For example (I used low depths of around 20 so that the search doesn't dominate and find a position much better than the root):

b1-knight odds
rnbqkbnr/pppppppp/8/8/8/8/PPPPPPPP/R1BQKBNR w KQkq - 0 1
Eval: ~-4.6

a1-rook odds
rnbqkbnr/pppppppp/8/8/8/8/PPPPPPPP/1NBQKBNR w Kkq - 0 1
Eval: ~-6.4

queen odds
rnbqkbnr/pppppppp/8/8/8/8/PPPPPPPP/RNB1KBNR w KQkq - 0 1
Eval: ~-13.4

g2-pawn odds (I didn't want to cherrypick the worst pawn to remove, which is likely f2, so I picked one of the worse ones, keeping in mind that this is balanced by the fact that it's white to move)
rnbqkbnr/pppppppp/8/8/8/8/PPPPPP1P/RNBQKBNR w KQkq - 0 1
Eval ~-1.3

Normally you'd expect (as an approximation) -3 for knight odds at low depth, -5 for rook and -9 for queen, but these evals are higher by about 30-50%.

As it turns out, PawnValueEg used to be 258 a few months back; it is now 208, so the eval scale has been shifted up by ~25% in the last few months. Meanwhile, it's not clear that 208 is the true "average value of a pawn," because things like piece-square tables and bonuses can shift the average. (For example, one could decrease a piece value by 100 and increase the corresponding PSQT by 100 without affecting the true piece value.)

If people think this is an issue, one possibility that doesn't require periodically calibrating output vs. winrate is to use v * 300 / KnightValueMg or v * 300 / KnightValueEg, rather than v * 100 / PawnValueEg (or similar ideas). A look at the git blame history suggests that KnightValueMg has changed a lot less in percent terms than PawnValueEg, making the formula with KnightValueMg more robust over time. Also, this change would bring the piece odds evals more in line with what us humans might expect: currently, 300/KnightValueMg = 100/261 and 300/KnightValueEg = 100/288.

Of course, there are objections to this approach:

  1. the choice of knight value is quite arbitrary. I have to admit this is true.
  2. a "centipawn" is no longer 1/100 of a pawn. However, it wasn't previously either, because things like PSQT and pawn bonuses skew the "true" value of a pawn.
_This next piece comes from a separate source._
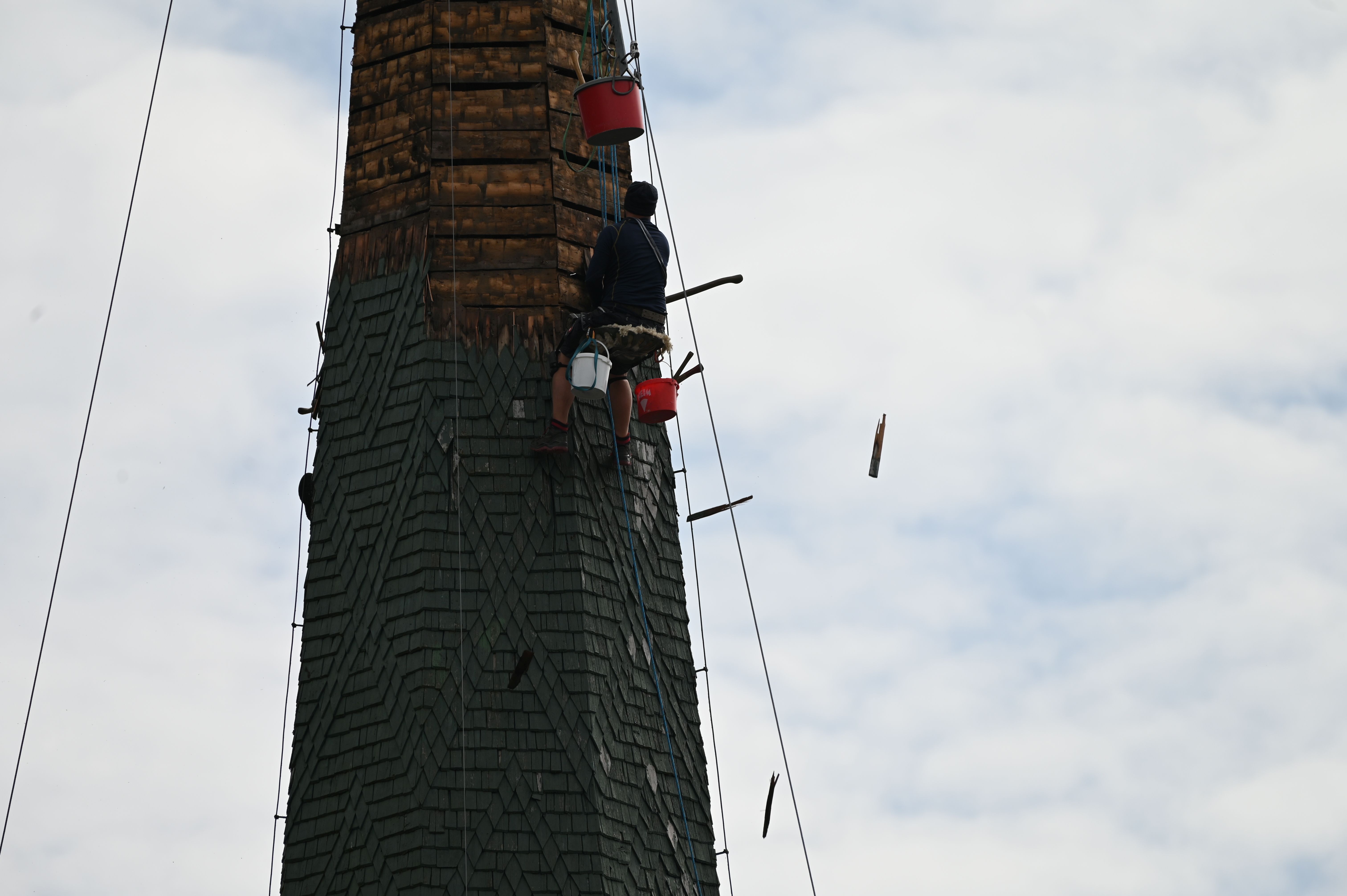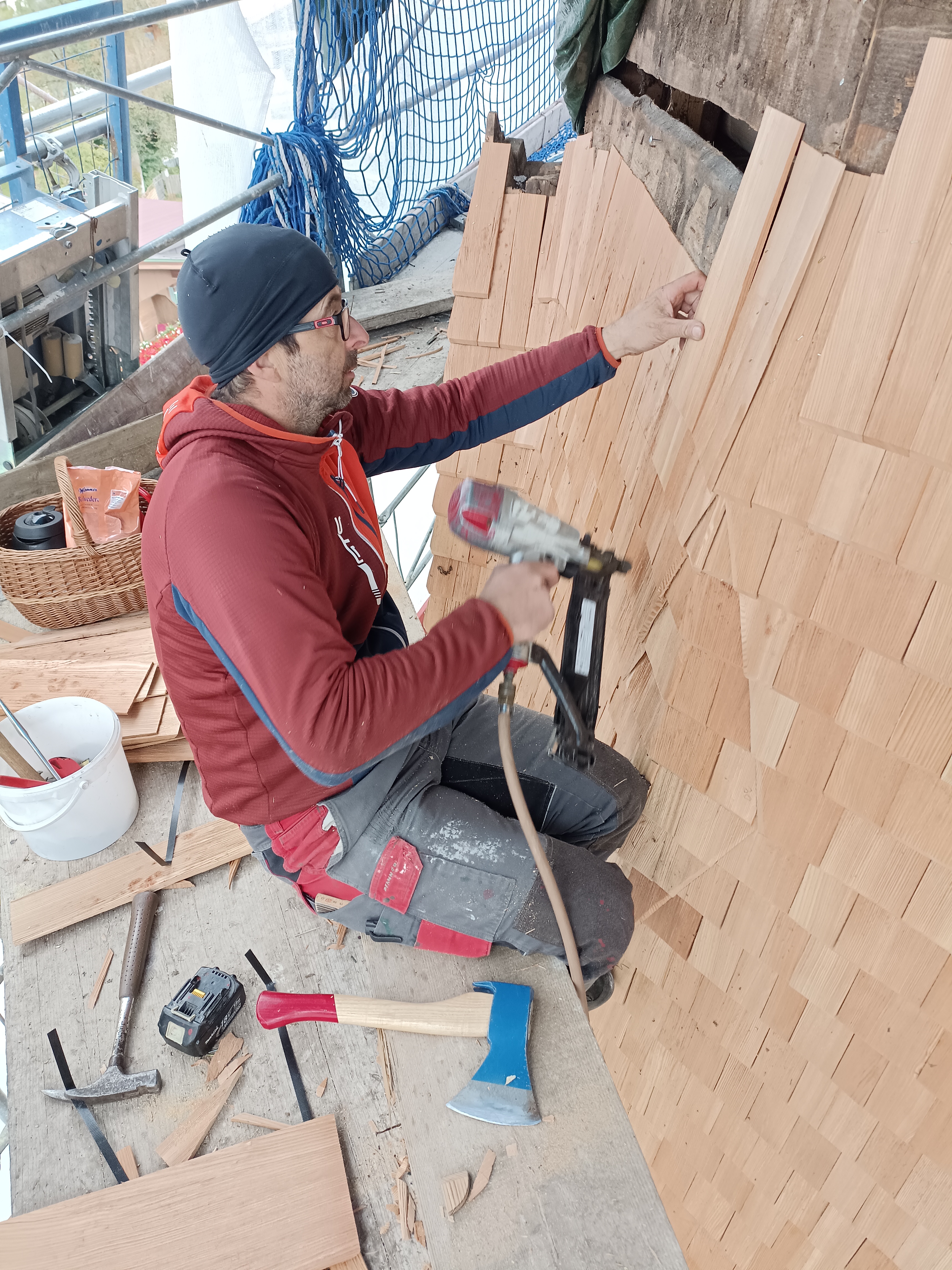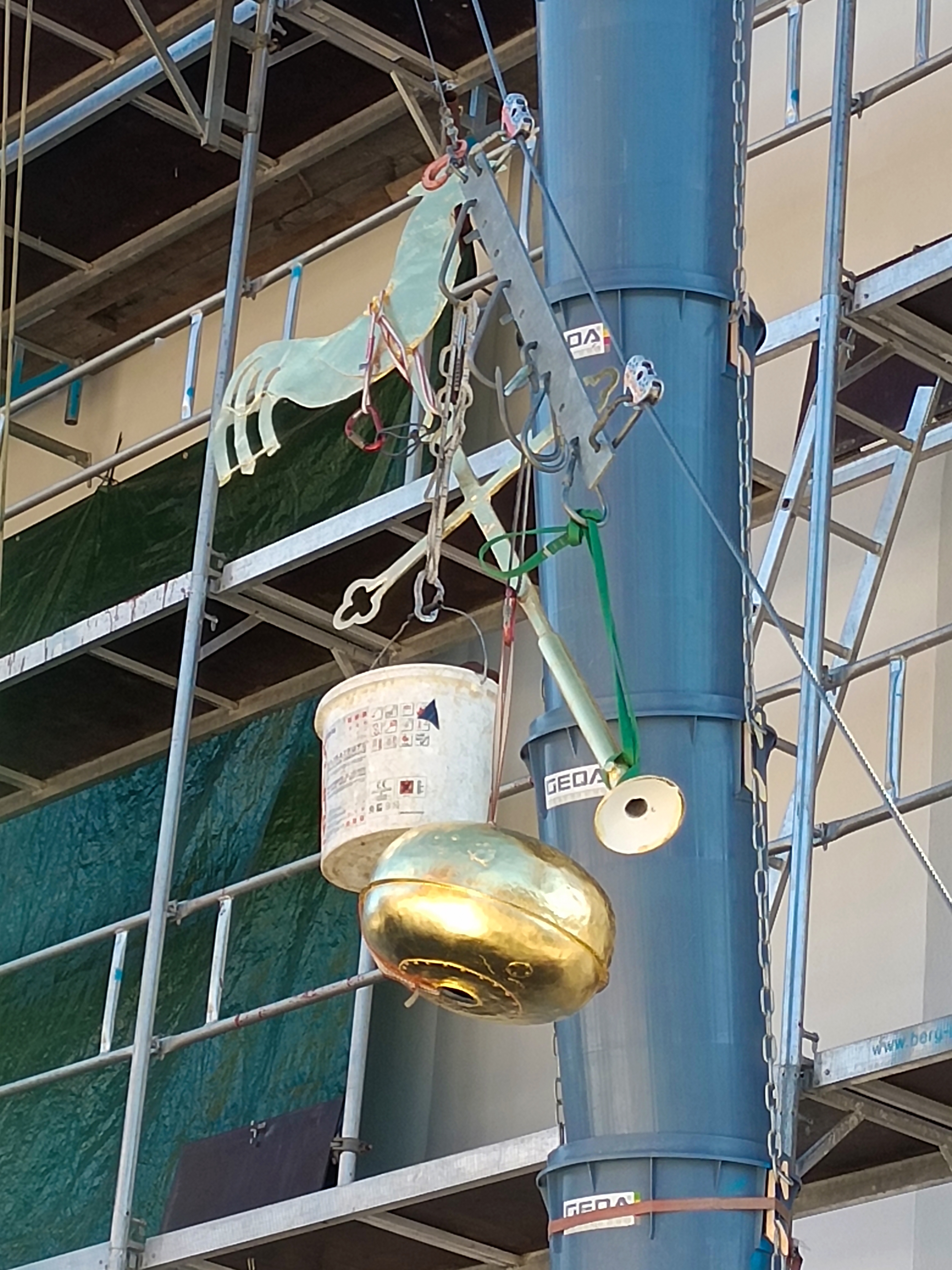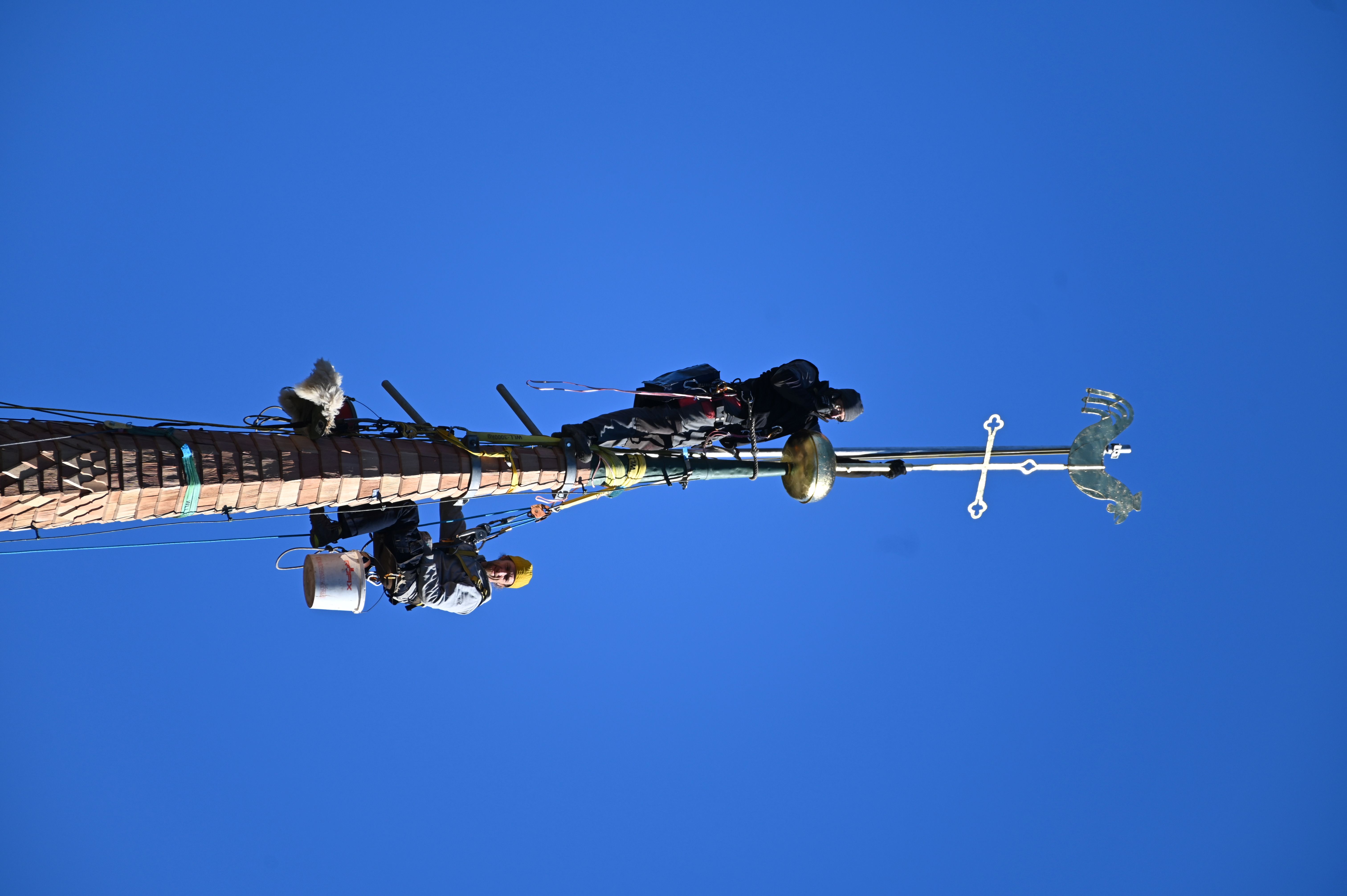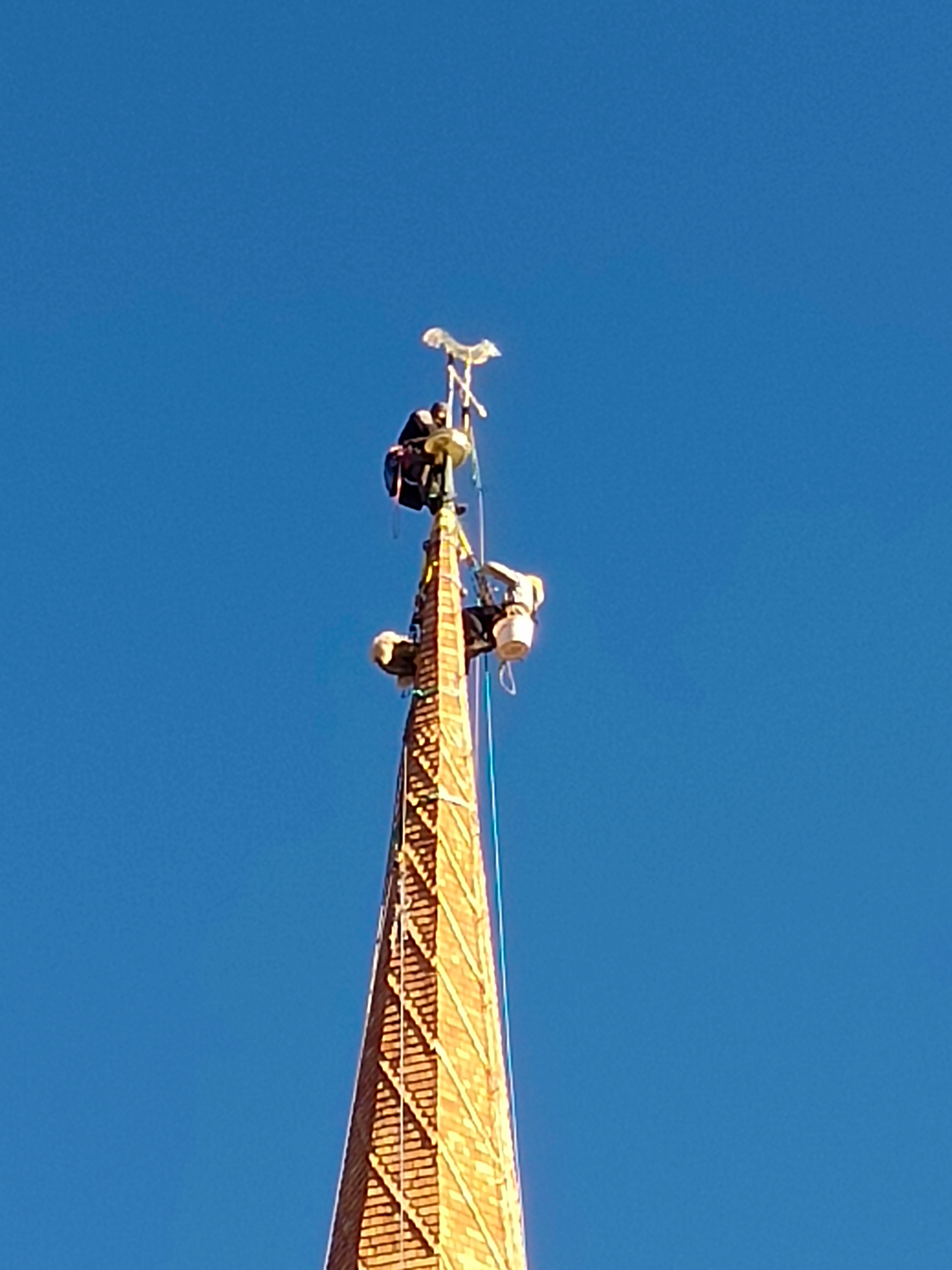 Den Abschluss der Turmarbeiten bildete das Aufsetzen der gesegneten Kreuzkugel mit Kreuz und Wetterhahn. Auch das Kirchendach erhielt neue, langlebige Lärchen-Holzschindeln und ist nun wieder zuverlässig gegen Wind und Wetter geschützt.

I just wanted to give this as a suggestion to keep the discussion going, because not only is adjudication affected, but also many people use Stockfish to analyze human games and would benefit from knowing that, for example, +1 does correspond to a pawn up on average.

@Vizvezdenec
Copy link
Contributor

since when depth 20 is "low"?
It's enough to see that w/o knight white position is much worse than simply not having a knight :)

@man4
Copy link

man4 commented Dec 15, 2018

since when depth 20 is "low"?
It's enough to see that w/o knight white position is much worse than simply not having a knight :)

It's "low" enough that the eval is quite stable around depth 15-25. It's enough to see that white has a much worse position by a knight, but that's about it. This is why I chose a quiet position rather than a tactical position.

But I realize an argument can still be made that depth 20 is not "low." Instead, let's look at the static evals instead of depth 20 evals:
b1-knight odds -4.01
a1-rook odds -5.91
queen odds -13.04
g2-pawn odds -0.89

So, it's true that these evals appear less inflated than before, but they're still inflated by 20-40%, and the point still stands. (For the g2-pawn, from benefit of hindsight, removal of g2 gives partial compensation by allowing immediate fianchettoing. The static eval sees a +0.31 mobility bonus as a result, so this wasn't a great example of a position worth -1.)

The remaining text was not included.